# peanut butter with qv



## rsands (Feb 13, 2009)

I lot of ya probably already know this, but homemade peanut butter is really easy to make, and tastes sooo much better than you can buy. Somehow we got on the subject of jalapeno jelly today at work. Got to thinking why not a smoked PBJ? Made a batch of peanut butter tonight. All you need is some salted nuts which you put in a food processor or blender and grind the dickens out of, then add some honey, grind to incorporate, then add butter (my fav) or oil. A little of either goes a long way. I used about half a pound of nuts, a tbs. of honey and 2 tsp of butter making this. Tomorrow for lunch we're having smoked peanut butter & jalapeno jelly sandwiches, and based on how they pb tastes,  they're gonna be great!


----------



## cowgirl (Feb 13, 2009)

Great idea RSands! Thanks! I can use some of my smoked P-nuts.


----------



## forluvofsmoke (Feb 13, 2009)

Cool...gotta make another addition on my list again!!! Thanks for the idea.

Eric


----------



## richoso1 (Feb 13, 2009)

Once again comfort food to the rescue.


----------



## chef_boy812 (Feb 13, 2009)

points as long as you grind up the vermin like that place in GA. LOL


----------



## vlap (Feb 13, 2009)

Something really sounds wrong about a smoked pb&j.
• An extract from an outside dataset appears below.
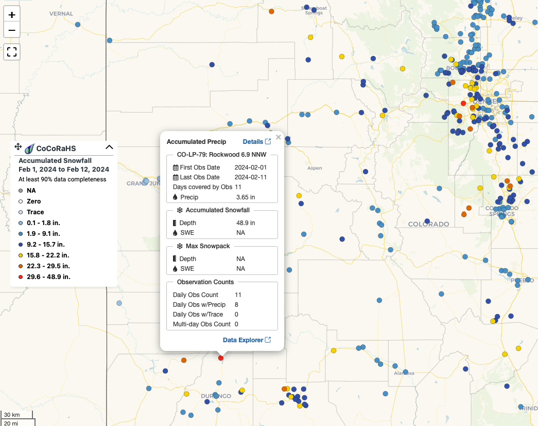 The storm ended and you’re watching the news for totals. They tell you the official amount in Denver (which actually comes from Denver International Airport… or practically Kansas!). They share a short-list of other locations around the state – Boulder, Vail, Greeley. But they missed your town! Okay, make sure you have one of these bookmarked to get at that extra info you’re craving!

I love it!!!


----------



## alx (Feb 13, 2009)

Thanks for great idea.Will give your recipe a go.


----------



## ganny76 (Feb 13, 2009)

I had no idea it was that easy.  Thanks for the idea.  This will be fun.


----------



## ganny76 (Feb 13, 2009)

If you mix this pnut butter with butter, does it need to be refrigerated when done?  Can you just leave it in the cabinet?


----------



## from a buick 8 (Feb 13, 2009)

Looking at that picture there are not many peanuts in there. I think you may need to change the name. Also i did not see the smoked part, did i miss that.
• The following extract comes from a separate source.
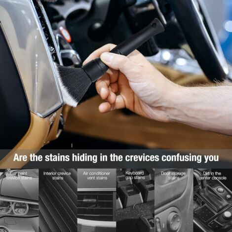 5pcs Pinceaux Nettoyage Voiture, Brosse à Détails La tête de brosse de la brosse d'allaitement peut également être désactivée pour la remplacer par une nouvelle tête de brosse. Pinceau Nettoyage Intérieur Voiture DEXIFUXI Pinceau De Détail, 5pcs Auto Detailing Brush Set, Cleaner Brush Set, Brush Pour La Voiture Moto Roues De Nettoyage Automobile, Tableau De Bord, Intérieur, Extérieur, Bouches D'aération Nettoyage écrans Claviers Spécifications du produit: - Longueur totale: 22,5 cm / 8,85 pouces - Longueur de la poils: 4,5 cm / 1,77 pouces Poids: 46g Étendue de la livraison: 2 * morceaux de brosses de détail Du tableau de bord à la console centrale et à tous les coins et recoins entre les deux, les brosses de nettoyage d'intérieur de voiture sont parfaites pour nettoyer une variété de surfaces intérieures 2Pcs Brosse Douce de Nettoyage D'intérieur de Voiture Large application : nos brosses de nettoyage de voiture ne conviennent pas seulement pour le nettoyage... 【Larges utilisations possibles】 Ces pinceaux conviennent non seulement pour nettoyer différents sites intérieurs de véhicules, tels que les emplacements de ventilation, les écrans, les cartes de raccords, les panneaux intérieurs, les moteurs et les colonnes de siège, mais qui conviennent également à nettoyer les claviers d'ordinateur, les stores, les ventilateurs de plafond, etc. Les poils mesurent 45 mm de long et répondent à leurs besoins quotidiens. d'autres zones qui sont difficiles à nettoyer. - Cette brosse à feuilles de voiture a un contour de poignée ergonomique, une zone de préhension confortable et équilibrée pour minimiser la fatigue de l'utilisateur, et les poils peuvent facilement pénétrer à l'intérieur de votre voiture et éliminer les piles cachées. 【Caractéristiques de conception】 Cette brosse à feuilles de voiture a un contour de poignée ergonomique, une zone de poignée confortable et équilibrée pour minimiser la fatigue de l'utilisateur, et les poils peuvent facilement pénétrer à l'intérieur de votre voiture et éliminer les taches cachées. Caractéristiques du produit: - Les poils doux et fins grattent l'intérieur du cuir et la surface lisse galvanisée et peuvent absorber la poussière perdue pendant le processus de nettoyage; La poignée est en plastique ABS, n'est pas facile à casser, est agréable, est légère et durable et a une longue durée de vie.

looks great though i will try this weekend


----------



## shellbellc (Feb 13, 2009)

Just call it smoked nut butter!

Great idear! Points!


----------



## rsands (Feb 14, 2009)

Thanks everyone! Ganny, yep, keep it in the fridge.


----------



## cigarbque (Feb 14, 2009)

That sounds soooooo good!


----------



## diesel fanatic (Feb 14, 2009)

*OMG, I'm printing this one off!!!!!! My 3 favorite foods are:*

1. Smoked Pork
2. Smoked everything else
3. Anything with peanut butter smeared on it!!!



.


----------



## rejii (Mar 6, 2009)

that looks great is it thick or creamy?


----------



## meat hunter (Mar 7, 2009)

Picked up a few pound yesterday. Gonna smoke the nuts tomorrow and try this. I think this will taste great with the Jalapeno jelly on top of a English muffin. Good job.


----------



## bmudd14474 (Mar 7, 2009)

Has anyone used a Meat grinder to make peanut butter?


----------